5.2. Getting Started.

The finderscope is powered by a coin shaped
battery CR2032 (supplied). For battery
protection a plastic protection is placed between
the battery and the battery contact. Remove the
plastic protection by securing the finderscope

with one hand and then pulling firmly the outstanding plastic tip (figure 2). The plastic protection
should be completely removed and discarded. Turn power on by rotating the potentiometer to its
ON position as shown in figure 3 (you will hear a click when ON), rotate all the way to get maximum
power. When powered, the red-dot point on the red-dot case (#1 – figure1) lights (figure 4 and
figure 5). A small red point is projected on the optical window (#3 – figure 1).
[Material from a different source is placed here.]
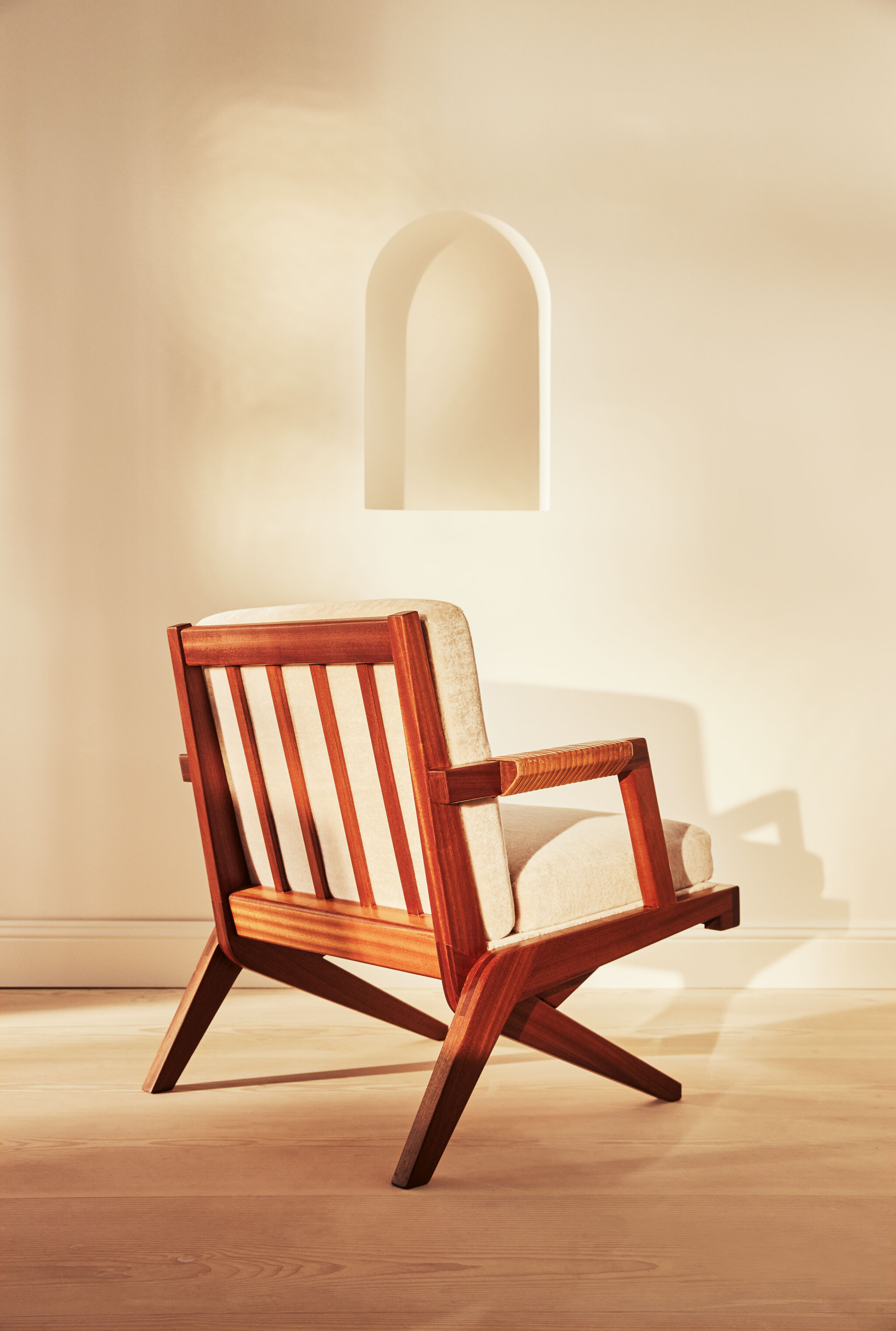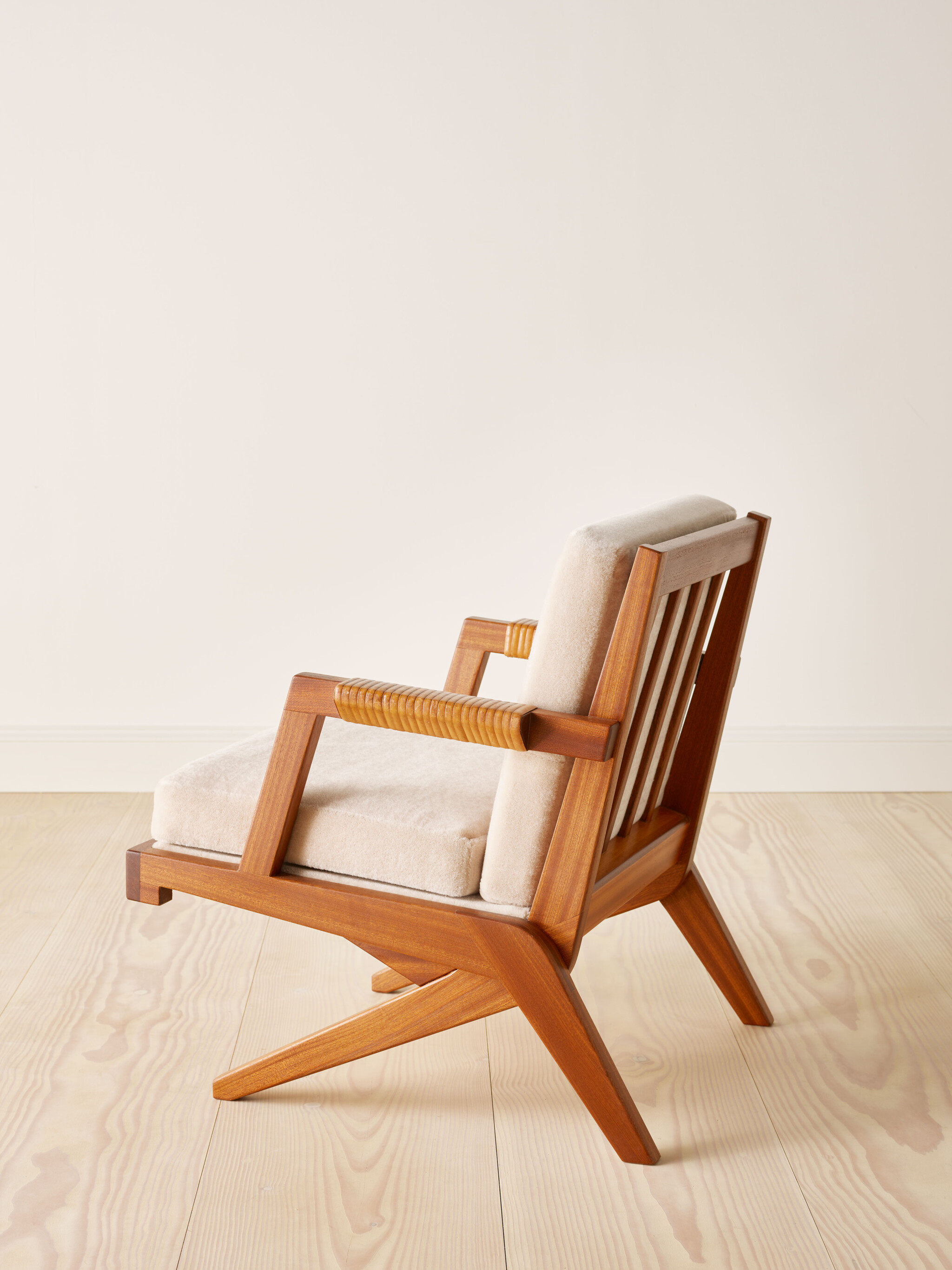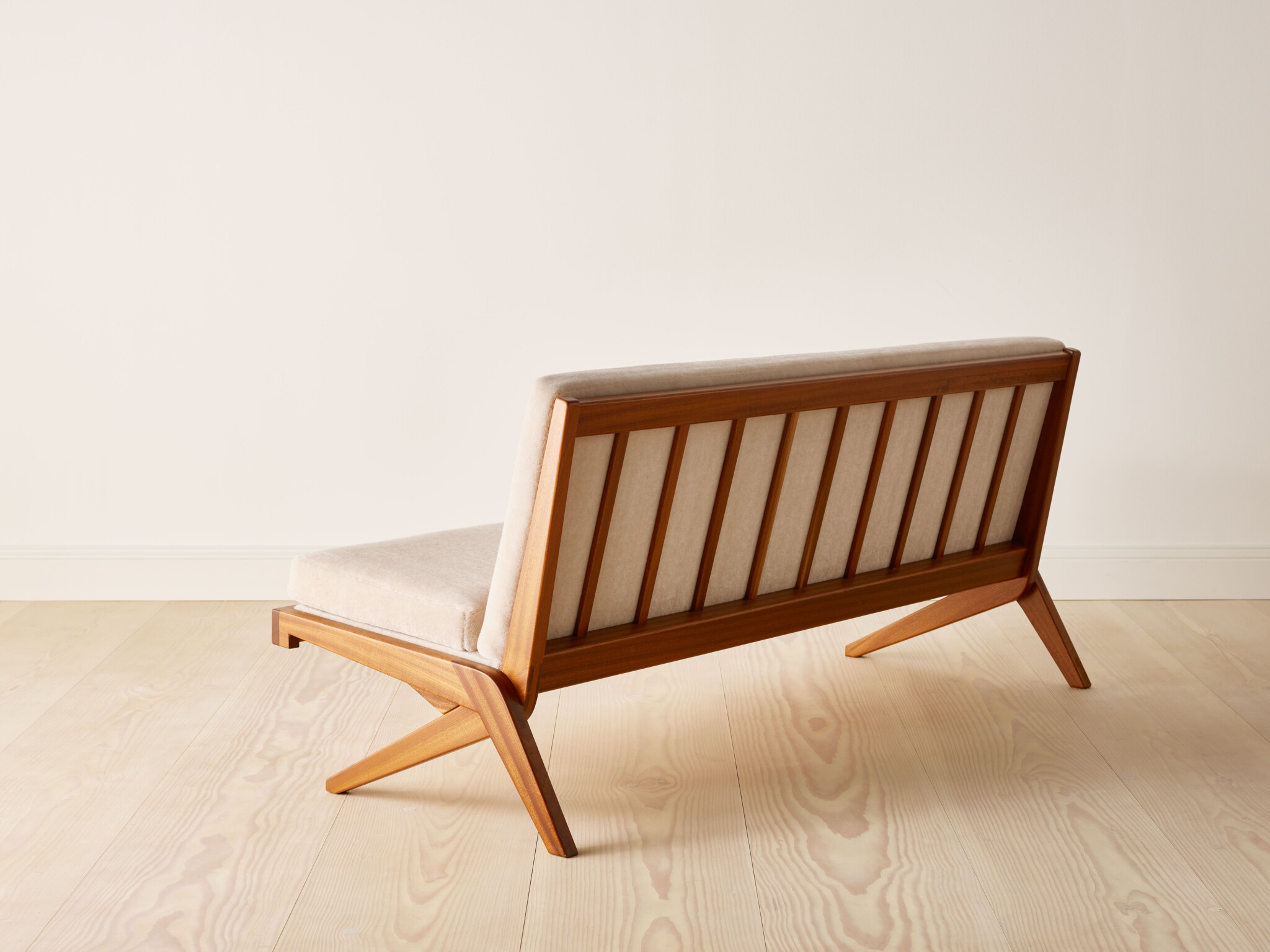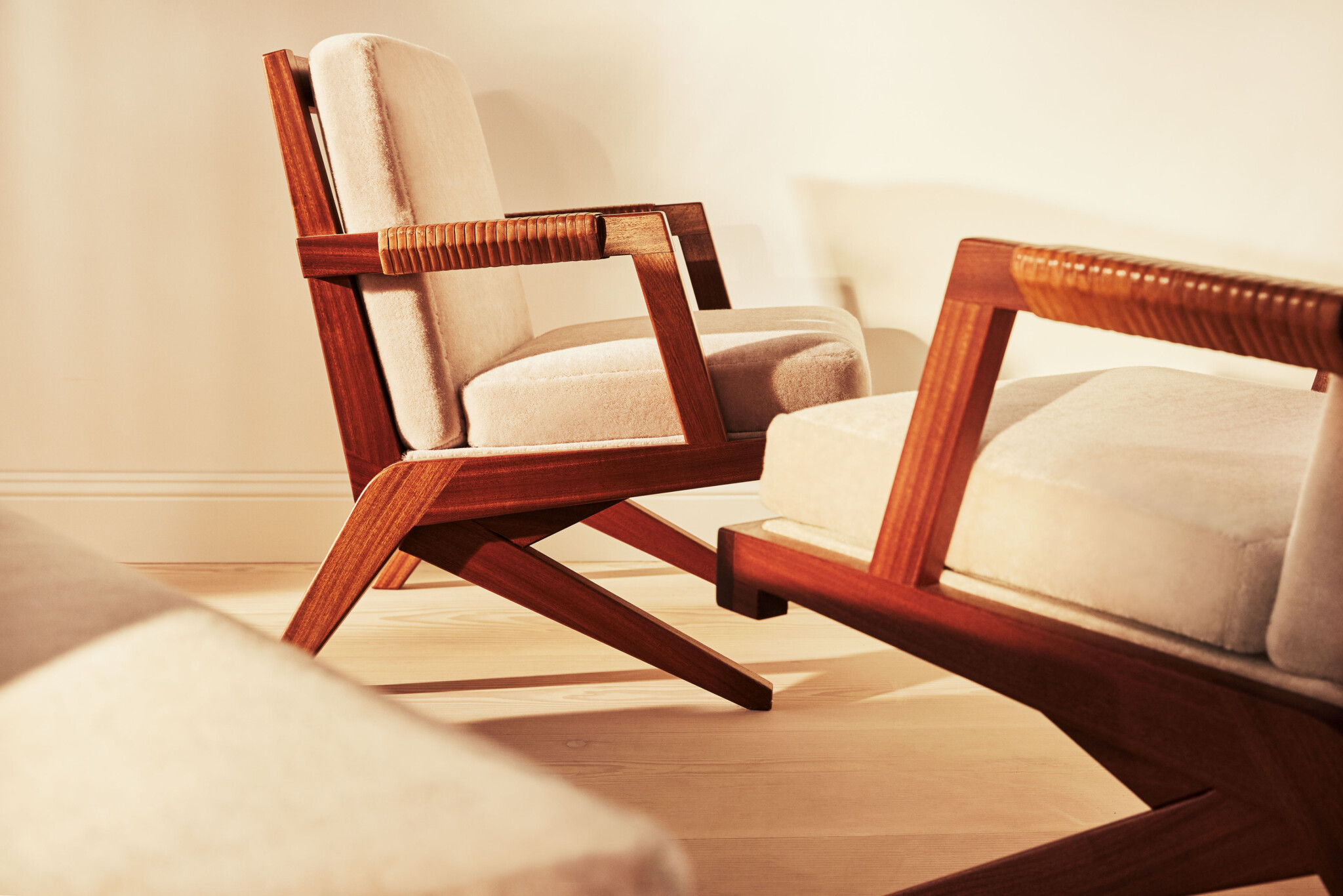 This suite of two armchairs and one sofa in solid mahogany is designed by Finnish designer and interior architect Olavi Hänninen for Huonekalu Mikko Nupponen (HMN), Lahtis, Finland in the 1960’s. The model features crossed legs on each side which have the shape of a boomerang, hence its name “Bumerang”. The backrest is divided into slats and the armrests are finished with leather straps. The seating leans slightly backwards and creates a dynamic look whilst at the same time creating a wonderful sitting comfort. All pillows have been professionally reupholstered in a soft and inviting grey velvet mohair fabric from Pierre Frey, Paris.

This red point, when
aligned with the telescope, allows precise pointing to objects. To precise align the finderscope with
the telescope both the altitude and azimuth (#8 and #4 figure 1) adjustment knobs need to be
adjusted (figure 6 and figure 7) – please see detail instructions on how to align in page 3. To power
off the finderscope just turn the potentiometer counter-clockwise until you hear a click – red-dot

dims until off (figure 8). Place the finderscope’s bracket in the telescope’s finderbase and tighten it

securely. Use a low power eyepiece to align the finderscope.

Finderscope main features
1- Red-dot case;
2- Potentiometer ON/OFF switch;
3- Optical window;
4- Azimuth adjusment knob;
5- Battery compartment (1x battery CR2032);
6- Base fixing screws;
7- Finderscope bracket;
8- Altitude adjustment knob.

Figure 12. Finderscope main features.

Figure 13. Remove plastic protection.

Figure 14. Turn power ON by rotating potentiometer.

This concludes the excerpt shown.